Pontos questionáveis

*A proposta não deixa claro quais os trechos que não serão duplicados;

*Qual garantia os usuários terão de que o cronograma de realização da obra será executado dentro dos prazos? (vide os problemas já enfrentados na Concessão da BR 101);

*Por que não foi feita a mobilização adequada, tendo em vista o impacto e a importância de uma obra como essa para centenas de milhares de pessoas que vivem nas cidades que dependem da rodovia para se deslocar?

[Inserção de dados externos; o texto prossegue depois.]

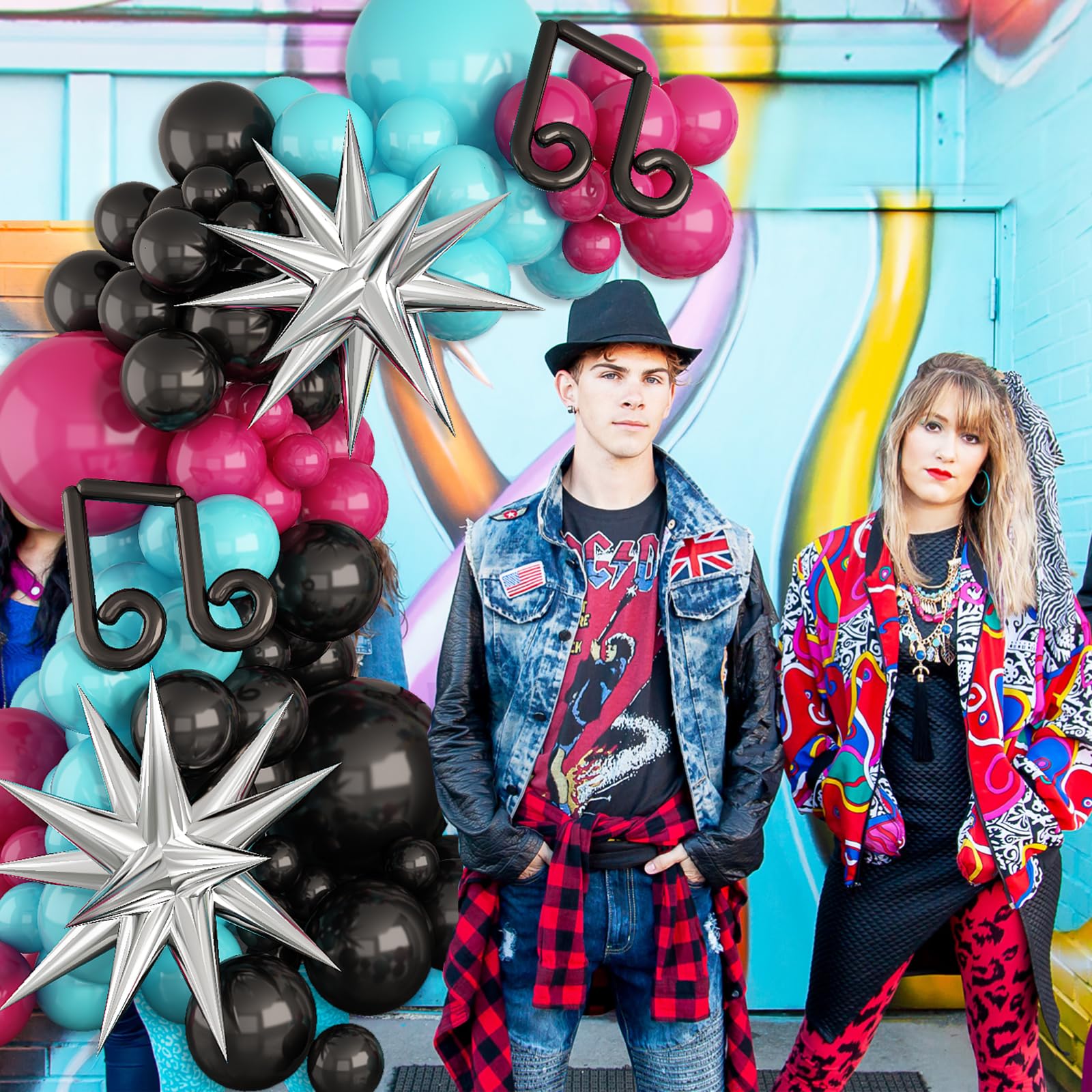 ?Music Notes Balloons Arch?Our Balloon Garland Kit Contains:3 X 18Inch Balloons (Hot Pink*1,Black*1,Blue*1) , 55 X 10Inch Balloons(Hot Pink*20,Black*15,Blue*20), 45 X 5Inch Balloons (Hot Pink*15,Black*15,Blue*15), 3Pcs Black Stripe Balloon,2Pcs Starburst Balloons,Balloons Strip 1Pc, Adhesive Tape 3Pcs,Ribbon 1Pc. | ?Premium Material? Our Balloons Are Made Of Natural Latex.Each Of These Latex Balloons Is In A Brighter Color And 20% Thicker Than Normal Latex Balloons.Safe To Be Used For Children.Tiktok Theme Party Supplies Will Be Your Perfect Party Decorations. | ?Wide Application?This Hot Pink Black Balloons Kit Suits A Wide Scene, Boys Girls Birthday Party, Baby Shower, Karaoke Party.They Are Perfect For Balloons Bouquet, Floral Arrangements, Home And Table Decor, Photo Shoots, Party Games Etc.This Rose Red Blue Balloon Arch Will Add The Best Appearance To Your Party. | ?Easy To Use?The Hot Pink Blue Balloon Arch Is Very Easy To Assemble, Just Inflate The Balloons, Then Stuff The Knot Into The Hole Of The Balloon Arch Chain. You Can Hang Them On Trees, Walls, Windows, Doorways, Dining Tables And Anywhere You Like. It Will Be A Funny Family Craft To Diy With Your Family! Hope You Enjoy The Fun Of Diy. | ?Feel Secure With Your Purchase?If You Encounter Any Problems, Please Feel Free To Contact Us, We Promise We Will Provide You With A Satisfied Solution.

*A localização das praças de pedágio, com preços previstos de R$ 11,00 penaliza demais moradores que utilizam a rodovia para atividades diárias.

Praças de pedágio

A AMUNES detalhou o impacto de cada praça de pedágio para os município no entorno da BR 262. Confira!

Viana

Uma praça de pedágio, ainda no município de Viana, vai impactar milhares de produtores rurais, que se deslocam diariamente da região Serrana e outros municípios cortados pela 262 para a Ceasa. Eles são responsável por mais de 60% na Central de Abastecimento, e quase em sua totalidade agricultores de base familiar.

Essa mesma praça de pedágio vai impactar estudantes e trabalhadores, principalmente de Domingos Martins, Marechal Floriano, Brejetuba, Venda Nova do Imigrante, Conceição do Castelo, Irupi, Ibatiba e outros que diariamente se deslocam para as universidades, faculdades, IFES e para seus locais de trabalho e etc.

Pedra Azul e Venda Nova

Uma praça está prevista para ficar entre Pedra Azul e Venda Nova do Imigrante, penaliza “de forma cruel” os moradores dessas cidades, que se deslocam várias vezes por dia em função de suas atividades, bem como os municípios de Brejetuba, Conceição do Castelo, Ibatiba, Irupi, Iúna, Muniz Freire e outros.

Ibatiba

Uma terceira praça de pedágio prevista para o município de Ibatiba, antes da cidade, levando-se em consideração o sentido Vitória x Ibatiba, prejudicará a população do município sede, bem como das cidades de Iúna, Irupi e outros.

Moradores dos municípios como Ibatiba, Iúna e Irupi passarão a pagar no mínimo três pedágios diariamente até Vitória.

A rodovia é o eixo utilizado por todos os municípios nos deslocamentos de serviços de saúde, principalmente, para a Grande Vitória. São dezenas de deslocamentos diários, levando e trazendo pessoas que buscam na região Metropolitana serviços que ainda não existem nos municípios.

Minuta

Pela minuta, a proposta da tarifa básica de pedágio, por praça, é de R$ 8,54 para pista simples e R$ 11,10 para pista dupla. Foram definidas, para o sistema rodoviário, 11 praças de pedágio. São elas:

Km 419+000 Caeté BR 381 MG

Km 354+300 João Monlevade BR 381 MG

Km 286+350 Itabira BR 381 MG

Km 233+600 Belo Oriente BR 381 MG

Km 179+250 Periquito BR 381 MG

Km 149+750 São Domingos do Prata BR 262 MG

Km 63+500 Manhuaçu BR 262 MG

Km 18+050 Martins Soares BR 262 ES

Km 147+750 Ibatiba BR 262 ES

Km 97+050 Venda Nova dos Imigrantes BR 262 ES

Km 26+600 Viana BR 262 ES

Audiência satisfatória para a ANTT

Procurada pela reportagem, a Agência Nacional de Transportes Terrestres (ANTT) disse que divulgou amplamente a Audiência Pública nº10/2019 e as sessões públicas relativas a ela, fazendo muito mais do que exige a Resolução nº 5.624/2017, que estabelece as regras de divulgação das audiências públicas.

“Foram enviados avisos de pauta e convites para a imprensa pela rede social Whatsapp para 119 números da imprensa nacional e para os principais veículos da imprensa de MG e ES. A Assessoria Parlamentar enviou convites por e-mail aos parlamentares no Congresso Nacional, informando da Audiência Pública nº10/2019. Também foram enviados convites para os municípios por onde passa a rodovia (temos o relatório de aviso de recebimento de cada e-mail). Portanto, consideramos que a divulgação da a Audiência Pública nº10/2019 foi satisfatória e muito além do que a legislação exigia à época”, diz a ANTT, em nota.